• **Required work**:
Omit the pictures while printing every entry below exactly as given.

• **Available data**:
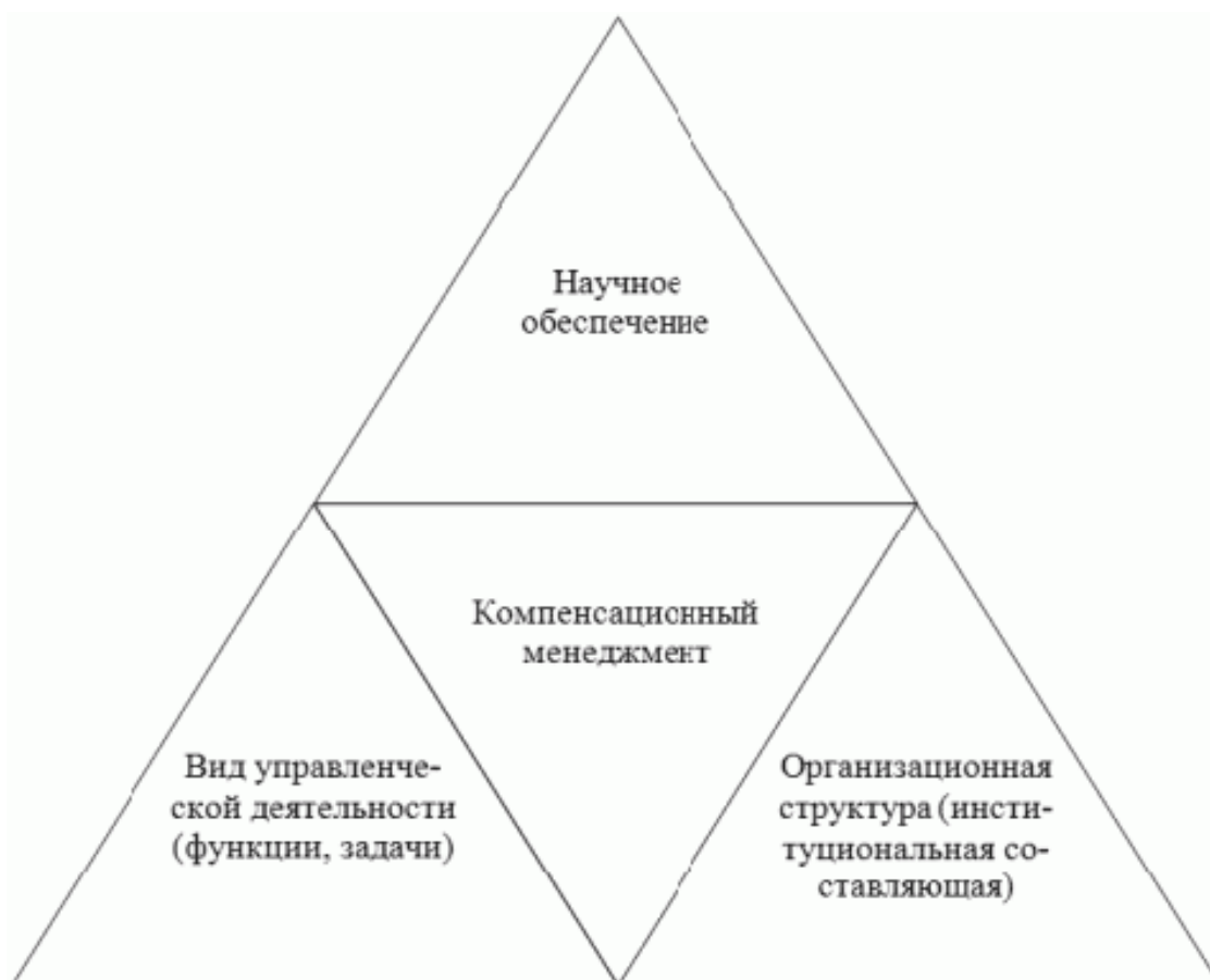
Рис. 1. Схема взаимосвязи структурных частей дисциплины «Компенсационный менеджмент»

Дисциплина «Компенсационный менеджмент» как наука представляет собой совокупность теорий, концепций, принципов, стратегий в сфере вознаграждения наемных работников, а также общенаучного и специального предмета управления человеческими ресурсами, экономики и организации труда, трудовой мотивации, социально-трудовых и правовых отношений и пр.
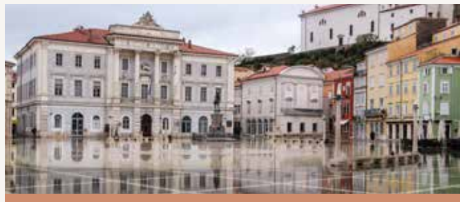
Piazza Tartini, NF

Giuseppe Tartini è nato nel 1692 a Pirano in una famiglia nobile, nel 1708 si spostò a Padova, per studiare legge e teologia. Gli archivi che parlano della famiglia Tartini non permettono di scoprire i dettagli della gioventù di Giuseppe in Istria, ma appare chiaro che lasciò in lui profonde tracce. Come rilevato da Durante, nella vita quotidiana di Tartini era presente la musica popolare istriana, ricca di forme e stili, di cui troviamo traccia nei suoi lavori di ricerca nel suo periodo maturo. Inoltre, in base alle sue importanti decisioni, partendo da quella di abbandonare la nativa Pirano, è possibile intravedere la sua ferma opposizione alla famiglia, che aveva per lui altri progetti. Naturalmente apprese nozioni di arte e violino anche dai frati, ma altre fonti fanno comprendere che era interessato di più alle arti cavalleresche, soprattutto la scherma.
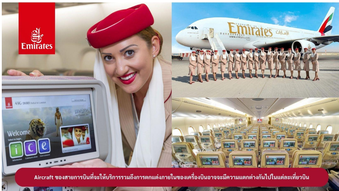
Aircraft ของสายการบินที่จะให้บริการรวมถึงการตกแต่งภายในของเครื่องบินอาจจะมีความแตกต่างกันไปในแต่ละเที่ยวบิน
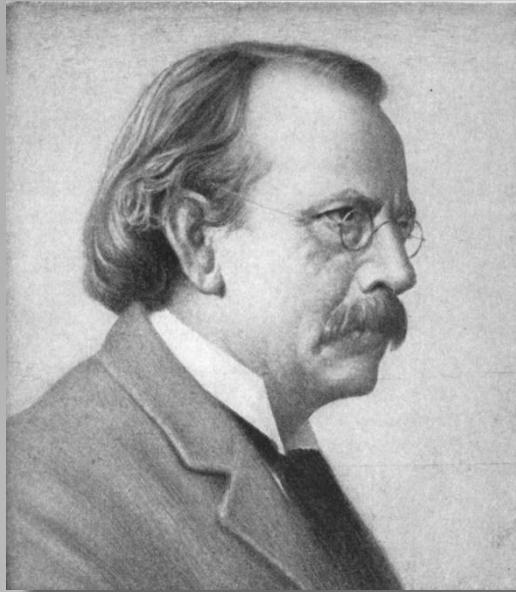
Томсон, Уильям (лорд Кельвин) (1824 - 2907)

В 1853 г. вывел формулу для определения периода электромагнитных колебаний.
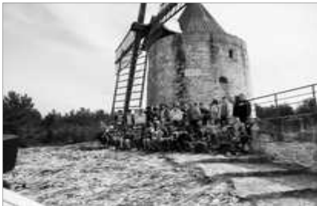
Le moulin d'Alphonse Daudet

Explications à la manade... avant de rencontrer les taureaux camarguais.
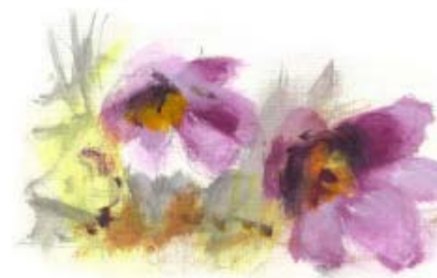
Nikkende kobjælde, Glatved Strand

usædvanlig regnfattigt, og i de tørre klitter kan temperaturen om sommeren godt snige sig op over 50 grader ved sandets overflade.

• **Your solution**:
Рис. 1. Схема взаимосвязи структурных частей дисциплины «Компенсационный менеджмент»

Дисциплина «Компенсационный менеджмент» как наука представляет собой совокупность теорий, концепций, принципов, стратегий в сфере вознаграждения наемных работников, а также общенаучного и специального предмета управления человеческими ресурсами, экономики и организации труда, трудовой мотивации, социально-трудовых и правовых отношений и пр.
Piazza Tartini, NF

Giuseppe Tartini è nato nel 1692 a Pirano in una famiglia nobile, nel 1708 si spostò a Padova, per studiare legge e teologia. Gli archivi che parlano della famiglia Tartini non permettono di scoprire i dettagli della gioventù di Giuseppe in Istria, ma appare chiaro che lasciò in lui profonde tracce. Come rilevato da Durante, nella vita quotidiana di Tartini era presente la musica popolare istriana, ricca di forme e stili, di cui troviamo traccia nei suoi lavori di ricerca nel suo periodo maturo. Inoltre, in base alle sue importanti decisioni, partendo da quella di abbandonare la nativa Pirano, è possibile intravedere la sua ferma opposizione alla famiglia, che aveva per lui altri progetti. Naturalmente apprese nozioni di arte e violino anche dai frati, ma altre fonti fanno comprendere che era interessato di più alle arti cavalleresche, soprattutto la scherma.
Aircraft ของสายการบินที่จะให้บริการรวมถึงการตกแต่งภายในของเครื่องบินอาจจะมีความแตกต่างกันไปในแต่ละเที่ยวบิน
Томсон, Уильям (лорд Кельвин) (1824 - 2907)

В 1853 г. вывел формулу для определения периода электромагнитных колебаний.
Le moulin d'Alphonse Daudet

Explications à la manade... avant de rencontrer les taureaux camarguais.
Nikkende kobjælde, Glatved Strand

usædvanlig regnfattigt, og i de tørre klitter kan temperaturen om sommeren godt snige sig op over 50 grader ved sandets overflade.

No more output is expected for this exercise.